OPENING MAY 24 – MCA Denver

For the exhibition Spine, Lisa Oppenheim repurposed photographs from Lewis Hine, a photojournalist from the early 20th century. Hine’s images dwell on the conditions of immigrant and child labor in American mills and factories from that time. Oppenheim appropriated specific works by Hine from the Library of Congress’ photographic archive that depict adolescent textile workers—primarily young women with physically misshapen backs. Hine originally documented these figures to illustrate the damaging effects of textile manufacturing on the spine. Oppenheim printed the images life-sized and bisected each image at the vertical points of the figure’s spine, effectively collapsing the subject and the photograph together. Two other series complete this survey of Oppenheim’s recent work: Remnants creates photographs from textile fragments the artist sourced from the same time period as Hine’s photographs; and Jacquard Weave, which features textile works woven from the same vintage fragments.

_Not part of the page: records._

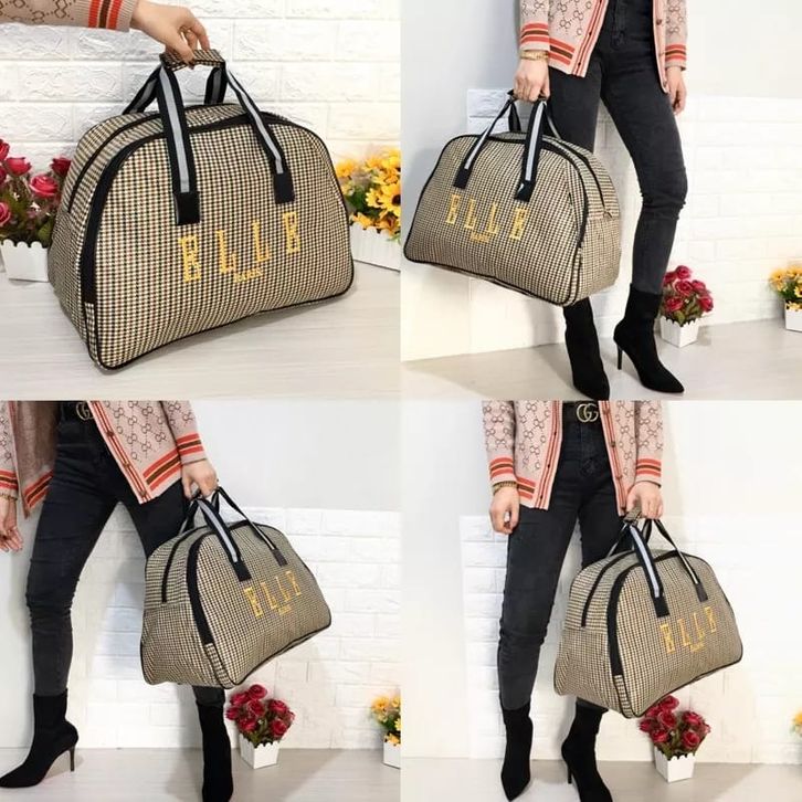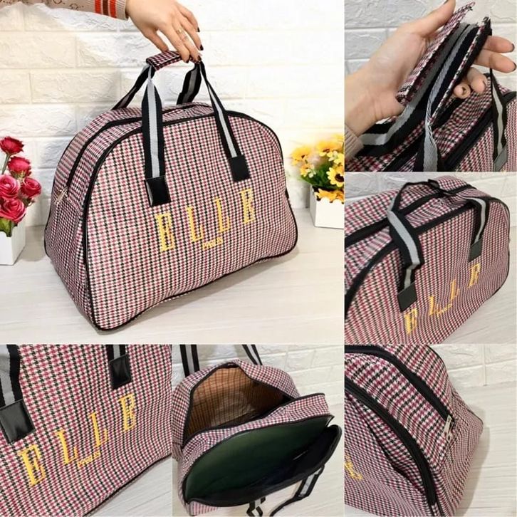 TAS TRAVELING - Tas Travel Wanita / Tas Pakaian ELLE SIZE BESAR Motif Kotak-Kotak 3 Warna/Tas Pakaian Tenteng Wanita
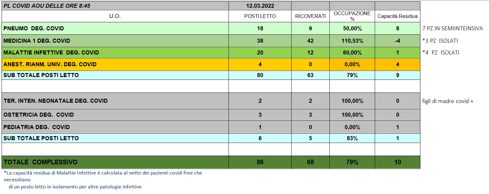Situazione posti letto reparti Covid 12 marzo 2022 - ore 8.45.jpg
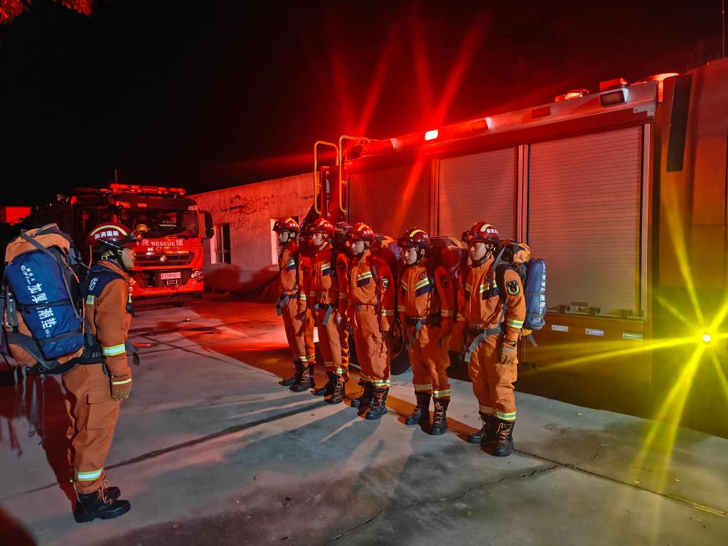10月17日晨,阿合奇县消防救援大队交通路消防救援站消防员正在集结,准备前往受地震影响区域排查情况。新华社发(肉孜买买提·艾山吐尔 摄)
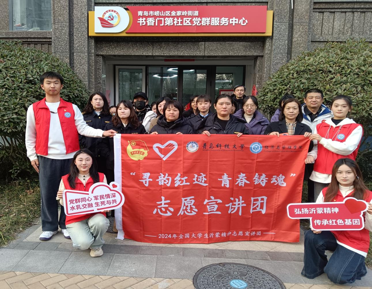 “寻韵红迹,青春铸魂”志愿宣讲团走进青岛市崂山区书香门第社区开展沂蒙精神宣讲暨党史调研活动。

With these two series, Oppenheim both borrows and translates troubling issues of the past into timely metaphors around labor, production, and craft today. Lisa Oppenheim (b. 1975, New York, NY) lives and works in Brooklyn. She received a BA in art and semiotics from Brown University in 1998 and an MFA in film and video from Bard College, Annandale-on-Hudson, New York, in 2001. Her work is held in the permanent collections of the Museum of Modern Art, New York; The Solomon R. Guggenheim Museum, New York; The J. Paul Getty Museum, Los Angeles; The San Francisco Museum of Modern Art; Centre Georges Pompidou, Paris; Israel Museum, Jerusalem, among others.